In defending against plaintiff's wrongful discharge claim, which implicates events "leading up to and underlying" plaintiff's resignation, Motion to Dismiss at 2, defendants will also introduce evidence regarding plaintiff's conduct throughout the course of her four years of employment. Defendants allege that the events surrounding the allegedly defamatory and slanderous statements occurred during plaintiff's Yuma Gastroenterology employment. Therefore, defendants' defense to plaintiff's wrongful termination claim and defendants' defamation and slander counterclaims will implicate overlapping events and evidence.

Defendants' remaining counterclaims (breach of fiduciary duty and breach of employment contract and shareholder agreement) implicate the parties' shareholder and employment agreements.
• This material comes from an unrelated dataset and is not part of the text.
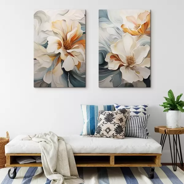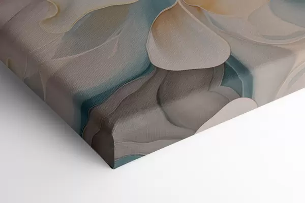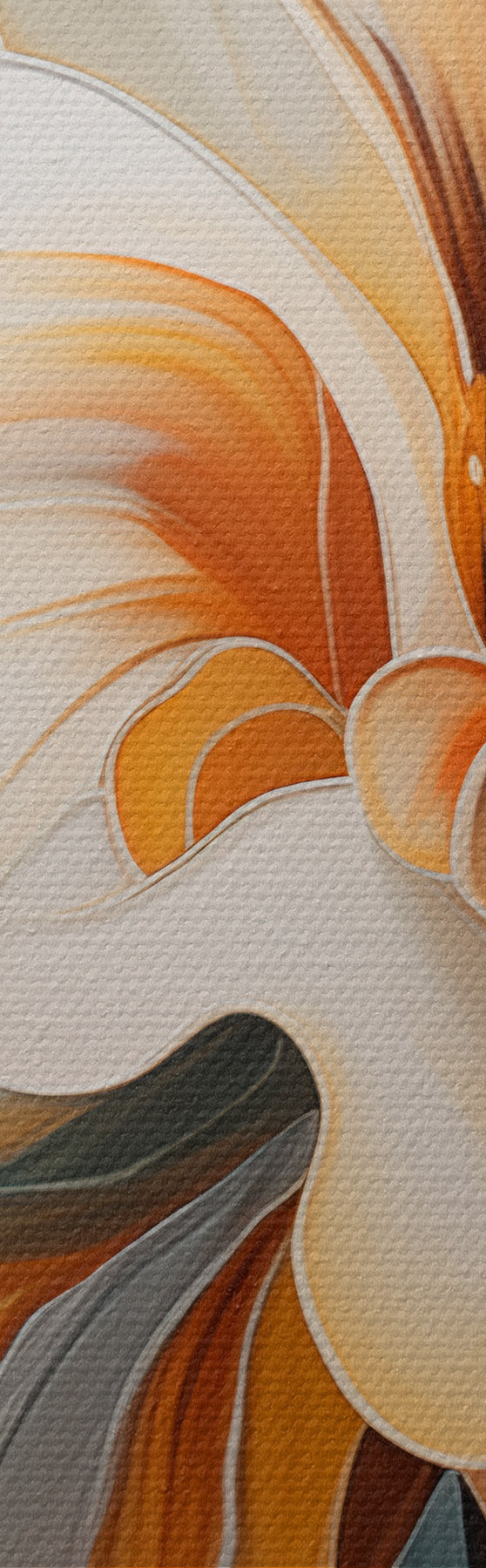 Cuadros Flor abstracta grande con pétalos blancos, naranjas y verde azulado, fondo texturizado. Nr m30059

Four of plaintiff's claims (breach of the parties' shareholder agreement, breach of fiduciary duty, tortious breach of the shareholder agreement, and intentional interference with contractual relations and business expectancy) do the same. Adjudication of these claims and counterclaims will involve the parties' agreement and conduct as fiduciaries over the course of plaintiff's employment. Further, adjudication will look beyond the months leading up to plaintiff's resignation. Indeed, plaintiff concedes that both the counterclaims and her own claims "involve the employee-shareholder relationship." Motion to Dismiss at 5. Plaintiff's participation in that relationship lasted several years.
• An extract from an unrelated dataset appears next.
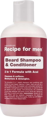 Recipe For Men, Beard Shampoo & Conditioner, Cleansing and Conditioning, Beard Shampoo, Moisture, 250 ml

Plaintiff also argues that "there is no indication that the same evidence will be used to support" the parties' claims. Id. at 6. For the reasons stated above, we conclude that plaintiff's claims and defendants' counterclaims that are contract-based will involve evidence of the parties' shareholder and employment agreements, and the parties' conduct. Similarly, defendants' defamation and slander counterclaims will implicate some of the evidence related to a wrongful discharge defense.

B.

Plaintiff next argues that we lack supplemental jurisdiction over the counterclaims because defendants "do not allege that [plaintiff's] alleged defamation and slander, breach of contract and breach of fiduciary duty resulted in or are any way related to her termination and the events leading up to her termination."Motion to Dismiss at 6. Defendants respond that the events which form the basis of their counterclaims "led to and underlie" plaintiff's termination. Opposition at 3. Plaintiff argues that this characterization is "disingenuous" because the counterclaims do not "allege that [plaintiff] was `terminated,' much less that her `termination' was in any way related to the counterclaims." Reply at 3.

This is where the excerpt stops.